*** Dataset extract

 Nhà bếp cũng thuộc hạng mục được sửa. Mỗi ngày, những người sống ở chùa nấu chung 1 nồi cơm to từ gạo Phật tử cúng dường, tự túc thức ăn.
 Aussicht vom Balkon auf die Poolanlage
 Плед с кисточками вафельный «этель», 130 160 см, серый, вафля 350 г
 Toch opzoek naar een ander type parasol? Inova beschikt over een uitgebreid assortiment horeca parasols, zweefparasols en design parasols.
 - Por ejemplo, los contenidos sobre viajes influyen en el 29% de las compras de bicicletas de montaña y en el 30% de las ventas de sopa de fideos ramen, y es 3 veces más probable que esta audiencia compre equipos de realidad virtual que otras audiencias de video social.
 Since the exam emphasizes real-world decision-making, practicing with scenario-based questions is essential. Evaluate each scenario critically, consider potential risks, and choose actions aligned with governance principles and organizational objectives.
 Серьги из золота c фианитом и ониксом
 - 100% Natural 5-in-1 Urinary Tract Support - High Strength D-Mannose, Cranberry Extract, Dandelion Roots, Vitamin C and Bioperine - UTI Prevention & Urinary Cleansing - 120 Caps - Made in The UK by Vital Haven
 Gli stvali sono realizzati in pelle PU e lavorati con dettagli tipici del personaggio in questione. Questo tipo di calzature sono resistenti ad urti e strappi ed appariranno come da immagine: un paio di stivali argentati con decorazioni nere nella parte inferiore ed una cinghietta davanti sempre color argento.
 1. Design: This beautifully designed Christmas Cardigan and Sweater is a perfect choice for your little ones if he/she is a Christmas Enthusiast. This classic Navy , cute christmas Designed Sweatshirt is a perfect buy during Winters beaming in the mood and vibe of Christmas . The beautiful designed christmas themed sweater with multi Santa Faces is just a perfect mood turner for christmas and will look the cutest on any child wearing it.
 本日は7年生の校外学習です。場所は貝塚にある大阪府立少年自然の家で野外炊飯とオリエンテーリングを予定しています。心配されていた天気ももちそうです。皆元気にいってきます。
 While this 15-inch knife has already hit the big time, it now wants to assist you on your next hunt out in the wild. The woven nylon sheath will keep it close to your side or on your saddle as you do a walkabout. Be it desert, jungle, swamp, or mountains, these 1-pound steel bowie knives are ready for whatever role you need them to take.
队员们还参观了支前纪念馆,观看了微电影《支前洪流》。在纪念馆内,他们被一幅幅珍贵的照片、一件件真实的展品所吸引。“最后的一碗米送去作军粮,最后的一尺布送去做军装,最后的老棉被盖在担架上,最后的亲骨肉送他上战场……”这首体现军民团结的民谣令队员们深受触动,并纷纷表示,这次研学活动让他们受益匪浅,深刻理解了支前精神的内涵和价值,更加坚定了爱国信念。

******

(What you should do) Spot every line in the entries that includes the word "with", and copy each one out.

(Response below)
 Since the exam emphasizes real-world decision-making, practicing with scenario-based questions is essential. Evaluate each scenario critically, consider potential risks, and choose actions aligned with governance principles and organizational objectives.
 1. Design: This beautifully designed Christmas Cardigan and Sweater is a perfect choice for your little ones if he/she is a Christmas Enthusiast. This classic Navy , cute christmas Designed Sweatshirt is a perfect buy during Winters beaming in the mood and vibe of Christmas . The beautiful designed christmas themed sweater with multi Santa Faces is just a perfect mood turner for christmas and will look the cutest on any child wearing it.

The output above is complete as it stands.